• **EXERCISE INSTRUCTIONS**
When a record contains an image, skip the image and retype the rest of that record exactly.

(Dataset excerpts)
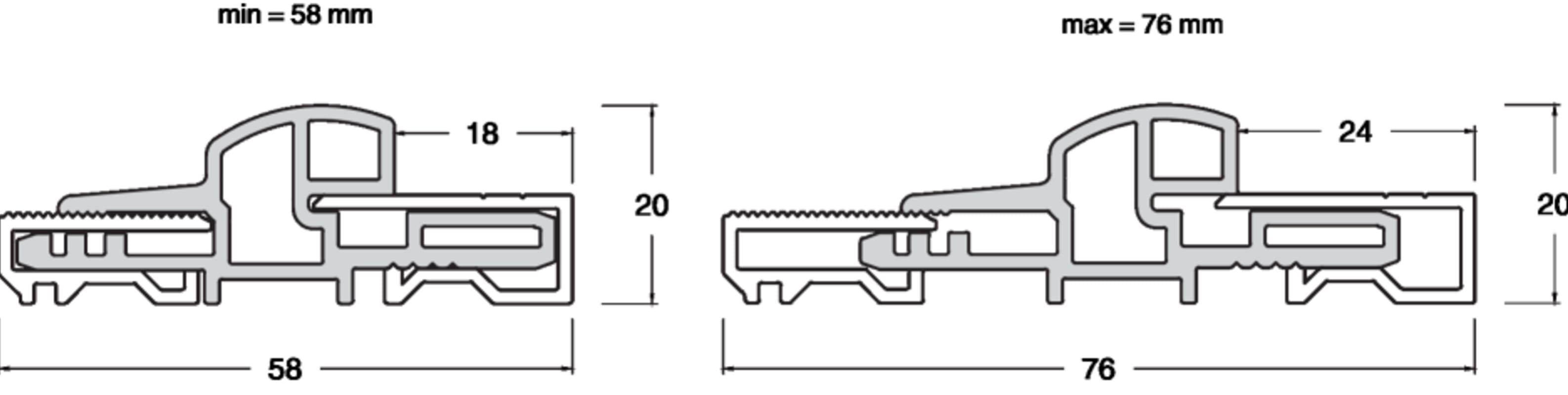 Meesenburg Artikelbezeichnung: BODENTÜRSCHWELLE TRANSIT AUSZIEHBAR MIT THERMISCHER TRENNUNG S=58-76MM, 457132
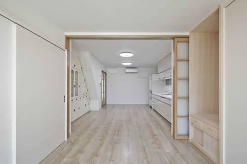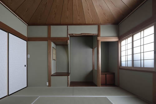 「ストレスを感じない空間」をご提案しました。小屋裏から床下まで、建物全体の「耐震補強」と「断熱性を高める」ことを重視し、構造性能を向上させました。アプローチや、水廻りの見直し、収納スペースの確保など、機能的で明るい空間に生まれ変わりました。奥様からご主人様への贈り物!いつでもお好きな音楽を楽しんで頂ける様に、往年の銘器、VITAVOX(ヴァィタ ヴォックス)の響く素敵な防音室の完成です。
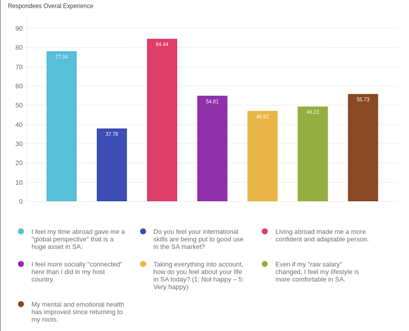 One of the strongest findings is the impact of international exposure on personal development and professional outlook. Respondents consistently indicated that living abroad broadened their worldview and strengthened their adaptability. Half of the respondents strongly agreed that their time abroad gave them a global perspective that is now a valuable professional asset in South Africa, producing an average rating of 4.19 out of 5 for the value of international perspective. The survey also recorded its highest rating for personal development, with respondents scoring the statement that living abroad made them more confident and adaptable at an average of 4.41 out of 5.
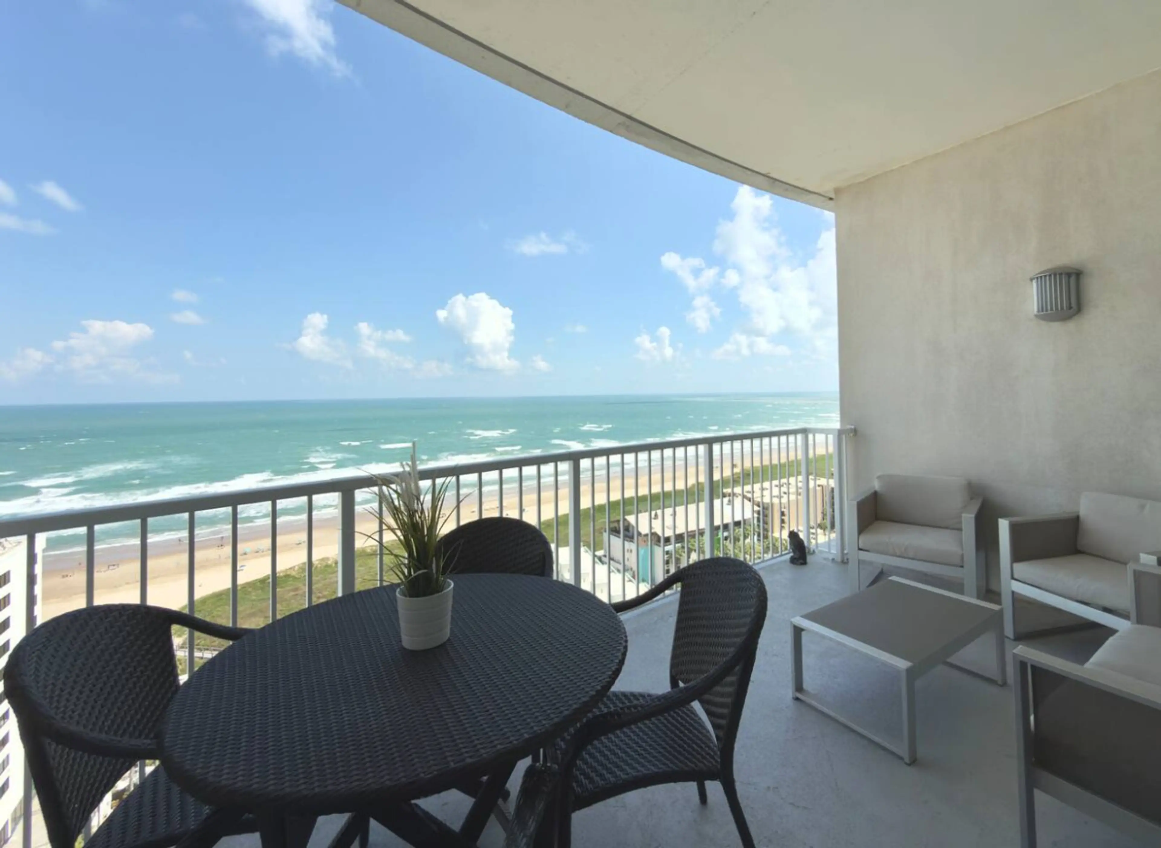 Perched on the 18th floor, this spacious 3-bedroom beachfront condo offers breathtaking panoramic views of both the sparkling Gulf waters and the peaceful Laguna Madre Bay. Whether you’re relaxing on the balcony with your morning coffee or watching the sunset paint the sky, every moment here feels l...
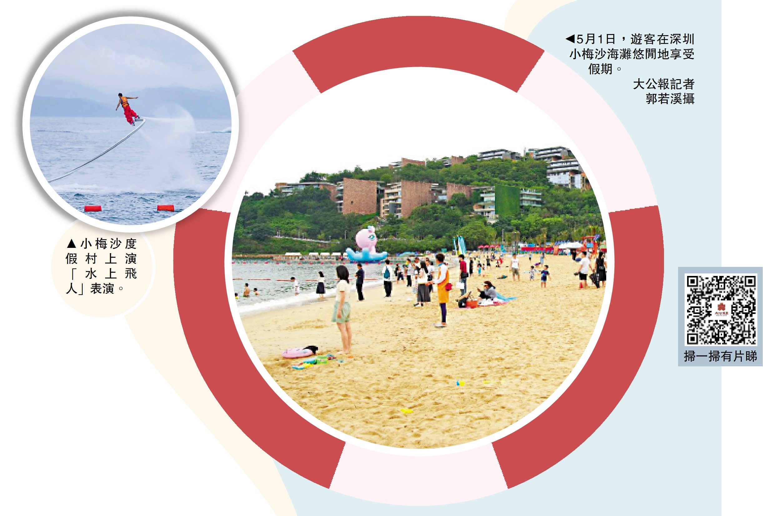 (大公報記者 郭若溪 深圳報道)「五一」假期,不妨趁假日開啟一趟山海奇妙之旅。5月1日,深圳首個文旅業態城市更新項目——深圳小梅沙度假村正式試運營。作為「鵬城八景」之一,小梅沙曾與大梅沙合稱「梅沙踏浪」,承載了不少深圳人的記憶。歷經多年改造升級,小梅沙度假村終於再度與市民及遊客見面。今後,港人北上深圳度假休閒,從蓮塘口岸搭乘地鐵8號線可直達小梅沙站,出站即可親海踏浪,沉浸式體驗多元化的沙灘、海上娛樂活動。結合「五一」旅遊消費熱潮,深圳鹽田區啟動了以「fun享鹽田·show美山海」為主題的深圳黃金海岸旅遊嘉年華活動,多層次滿足遊客假日文旅需求。
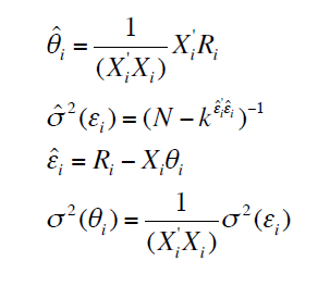 Pour ce faire, nous pouvons estimer l’ensemble des paramètres liés à chaque modèle à l’aide d’une représentation matricielle de la période N. A ce titre, nous pouvons consulter les études de John Y. Campbell, Andrew W. Lo et Craig MacKinlay, publiées en 1997(14). Deux composantes sont à calculer. Soit Ri, le vecteur composer des N taux de rentabilité et Xi :
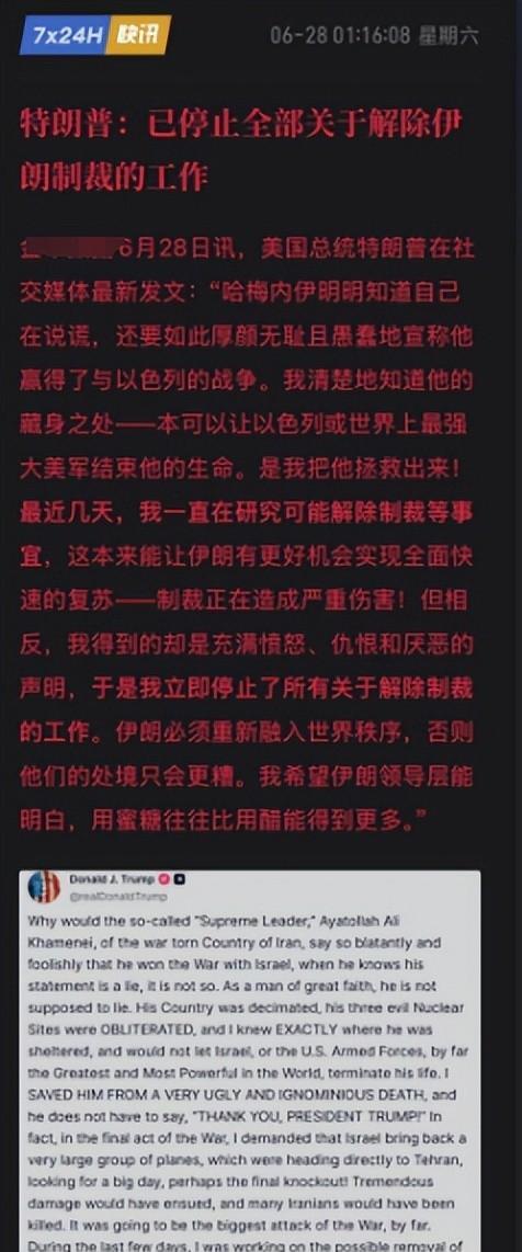果然,特朗普在第二天就在自己是社交账号上发文:“哈梅内伊明明知道自己在说谎,还要如此厚颜无耻愚蠢的宣称他赢得了和以色列的战争,我非常清楚他的位置,本可以让以色列以及美军结束他的生命,但我选择拯救了他”。
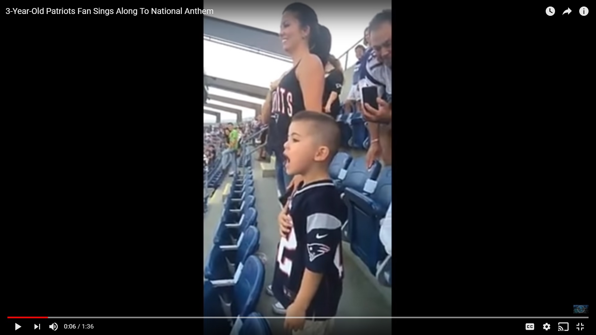 Feel good video of the week. Watch this young patriot sing the Star-Spangled Banner with all his tiny heart
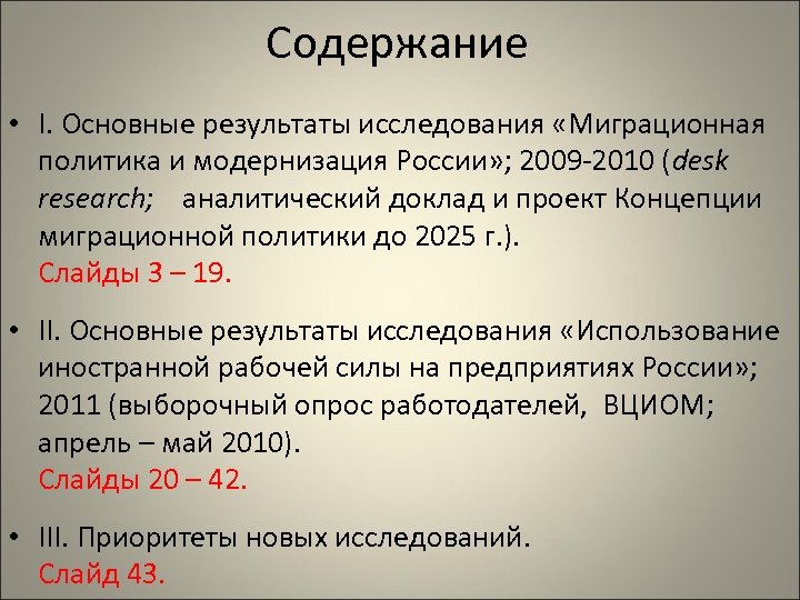Содержание • I. Основные результаты исследования «Миграционная политика и модернизация России» ; 2009 -2010 (desk research; аналитический доклад и проект Концепции миграционной политики до 2025 г. ). Слайды 3 – 19. • II. Основные результаты исследования «Использование иностранной рабочей силы на предприятиях России» ; 2011 (выборочный опрос работодателей, ВЦИОМ; апрель – май 2010). Слайды 20 – 42. • III. Приоритеты новых исследований. Слайд 43.
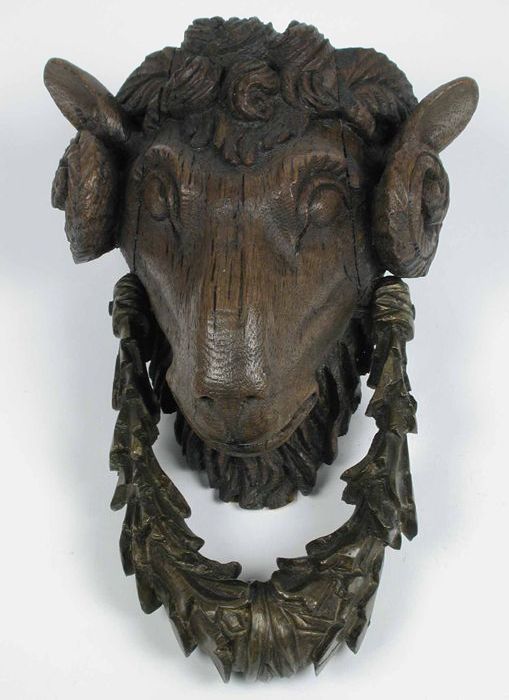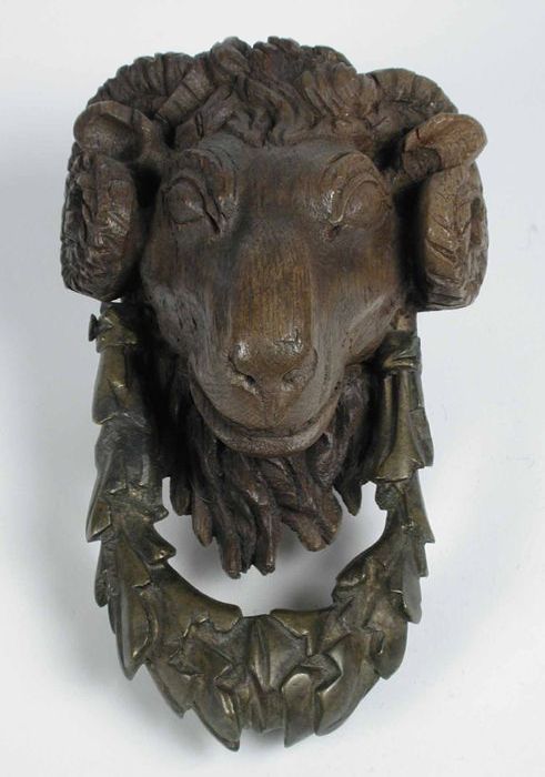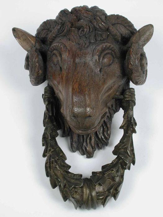 Gedecoreerde deurklopper: ramskop van houtsnijwerk m...
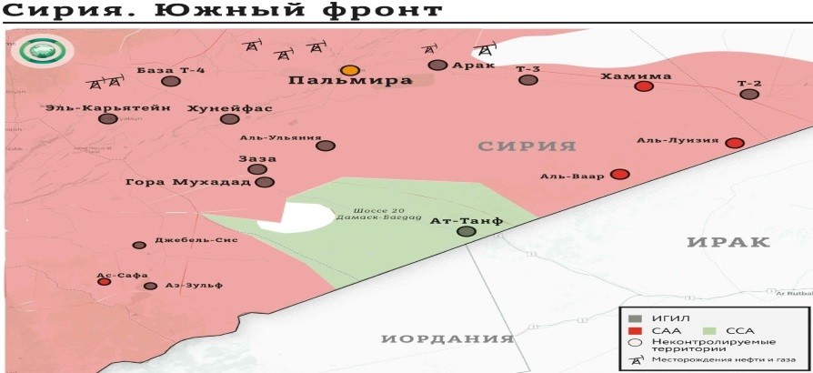 Однако ситуация в Эс-Сувейде и южных районах Сирии вообще может существенно осложниться из-за деятельности американских сил в так называемой 55-километровой зоне вокруг военной базы США «Ат-Танф». Там по-прежнему действуют антиправительственные группировки «Джейш Магавир ат-Таура», «Лива Шухада аль-Карьятейн», ««Куват Шахид Ахмад Аль-Абдо» и некоторые другие.
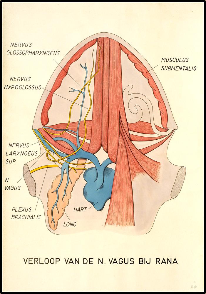 Verloop van de nervus vagus bij de kikker

• **ANSWER TO THIS PROBLEM**
 Meesenburg Artikelbezeichnung: BODENTÜRSCHWELLE TRANSIT AUSZIEHBAR MIT THERMISCHER TRENNUNG S=58-76MM, 457132
 「ストレスを感じない空間」をご提案しました。小屋裏から床下まで、建物全体の「耐震補強」と「断熱性を高める」ことを重視し、構造性能を向上させました。アプローチや、水廻りの見直し、収納スペースの確保など、機能的で明るい空間に生まれ変わりました。奥様からご主人様への贈り物!いつでもお好きな音楽を楽しんで頂ける様に、往年の銘器、VITAVOX(ヴァィタ ヴォックス)の響く素敵な防音室の完成です。
 One of the strongest findings is the impact of international exposure on personal development and professional outlook. Respondents consistently indicated that living abroad broadened their worldview and strengthened their adaptability. Half of the respondents strongly agreed that their time abroad gave them a global perspective that is now a valuable professional asset in South Africa, producing an average rating of 4.19 out of 5 for the value of international perspective. The survey also recorded its highest rating for personal development, with respondents scoring the statement that living abroad made them more confident and adaptable at an average of 4.41 out of 5.
 Perched on the 18th floor, this spacious 3-bedroom beachfront condo offers breathtaking panoramic views of both the sparkling Gulf waters and the peaceful Laguna Madre Bay. Whether you’re relaxing on the balcony with your morning coffee or watching the sunset paint the sky, every moment here feels l...
 (大公報記者 郭若溪 深圳報道)「五一」假期,不妨趁假日開啟一趟山海奇妙之旅。5月1日,深圳首個文旅業態城市更新項目——深圳小梅沙度假村正式試運營。作為「鵬城八景」之一,小梅沙曾與大梅沙合稱「梅沙踏浪」,承載了不少深圳人的記憶。歷經多年改造升級,小梅沙度假村終於再度與市民及遊客見面。今後,港人北上深圳度假休閒,從蓮塘口岸搭乘地鐵8號線可直達小梅沙站,出站即可親海踏浪,沉浸式體驗多元化的沙灘、海上娛樂活動。結合「五一」旅遊消費熱潮,深圳鹽田區啟動了以「fun享鹽田·show美山海」為主題的深圳黃金海岸旅遊嘉年華活動,多層次滿足遊客假日文旅需求。
 Pour ce faire, nous pouvons estimer l’ensemble des paramètres liés à chaque modèle à l’aide d’une représentation matricielle de la période N. A ce titre, nous pouvons consulter les études de John Y. Campbell, Andrew W. Lo et Craig MacKinlay, publiées en 1997(14). Deux composantes sont à calculer. Soit Ri, le vecteur composer des N taux de rentabilité et Xi :
果然,特朗普在第二天就在自己是社交账号上发文:“哈梅内伊明明知道自己在说谎,还要如此厚颜无耻愚蠢的宣称他赢得了和以色列的战争,我非常清楚他的位置,本可以让以色列以及美军结束他的生命,但我选择拯救了他”。
 Feel good video of the week. Watch this young patriot sing the Star-Spangled Banner with all his tiny heart
Содержание • I. Основные результаты исследования «Миграционная политика и модернизация России» ; 2009 -2010 (desk research; аналитический доклад и проект Концепции миграционной политики до 2025 г. ). Слайды 3 – 19. • II. Основные результаты исследования «Использование иностранной рабочей силы на предприятиях России» ; 2011 (выборочный опрос работодателей, ВЦИОМ; апрель – май 2010). Слайды 20 – 42. • III. Приоритеты новых исследований. Слайд 43.
 Gedecoreerde deurklopper: ramskop van houtsnijwerk m...
 Однако ситуация в Эс-Сувейде и южных районах Сирии вообще может существенно осложниться из-за деятельности американских сил в так называемой 55-километровой зоне вокруг военной базы США «Ат-Танф». Там по-прежнему действуют антиправительственные группировки «Джейш Магавир ат-Таура», «Лива Шухада аль-Карьятейн», ««Куват Шахид Ахмад Аль-Абдо» и некоторые другие.
 Verloop van de nervus vagus bij de kikker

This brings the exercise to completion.